Track: Formulation and Delivery - Chemical - Formulation - Amorphous and Co-crystal Systems
Category: Late Breaking Poster Abstract
Impact of Storage Conditions on the Physical Stability of Indomethacin-PVP Amorphous Solid Dispersions
Purpose: Various storage conditions have a large impact on the stability of a drug product. In particular, the growth in popularity of amorphous solid dispersions (ASDs) has led to an increased importance of maintaining physical stability in ASDs by preventing recrystallization. The impact of drug loading and storage temperature relative to the glass transition temperature (Tg) has been explored for their relative importance as the cause for crystallization in ASDs. Methods: Indomethacin (IND) and polyvinylpyrrolidone (PVP) K12 ASDs were formulated at varying drug loadings (65 – 100% w/w) via cryomilling and melt-quenching. The Tg for each dispersion was measured using differential scanning calorimetry (DSC), and storage temperatures were then assigned (40 – 100°C) to probe the design space both above and below the glass transition. Samples were stored over desiccant (approximately 0% RH) and monitored for the onset of crystallization and change in hydrogen bonds using powder X-ray diffractometry (PXRD) and Fourier-transform infrared spectroscopy, respectively. Results: All dispersions were initially confirmed as amorphous using modulated DSC and initial PXRD scans. Higher drug loading with IND resulted in increasingly lower Tg values and a faster onset of crystallization at all storage temperatures. A loss of IND-PVP hydrogen bonds and an exponential dependence of crystallization onset time was noted as a function of drug loading for all temperatures. As the Tg was approached, an increase in the rate of subsequent crystallization was observed, along with a change in crystallization activation energy, possibly indicating a switch to diffusionless crystallization.
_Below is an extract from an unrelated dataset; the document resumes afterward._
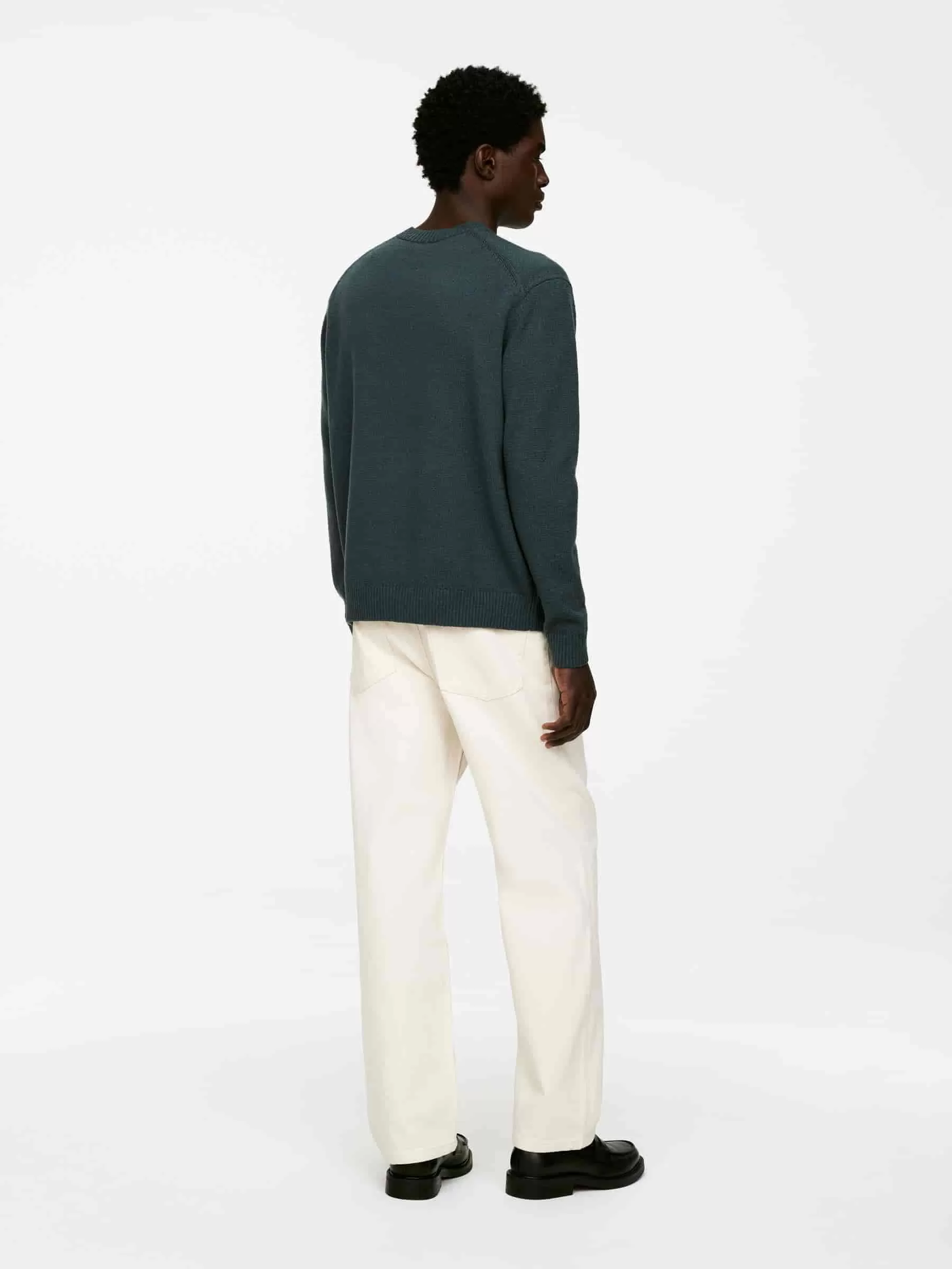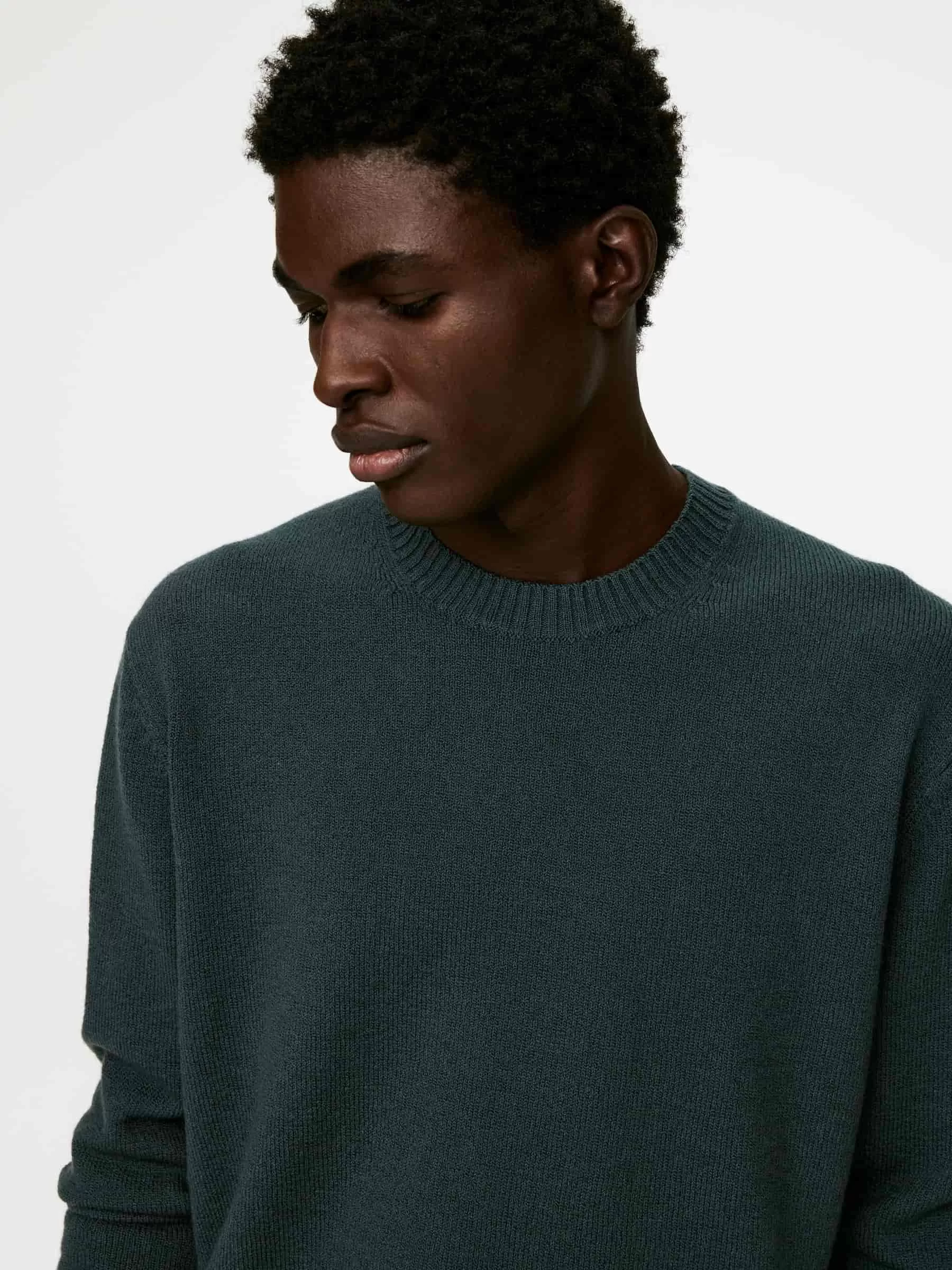 Pullover mit Rundhalsausschnitt, glatt gestrickt aus einem Woll-Baumwoll-Garn mit leicht unregelmäßiger Textur. Gerippte Abschlüsse. Normale Passform. Der Stil enthält 60 % RWS-Wolle (TE-00047206). Produkte, die nach dem Responsible Wool Standard (RWS) zertifiziert sind, enthalten Wollfasern von Farmen, die unabhängig nach Tierschutz- und Landbewirtschaftungsanforderungen zertifiziert sind.

Conclusion: Maintaining the stability of the amorphous drug component is critically important for successful pharmaceutical formulations. Increased drug loading and temperature provide a larger thermodynamic driving force for crystallization from which the onset time may be able to be predicted as a function of drug loading in IND-PVP ASDs. A better understanding of the causes of destabilization and their relative significance towards causing crystallization will help to make better informed decisions during formulation and storage.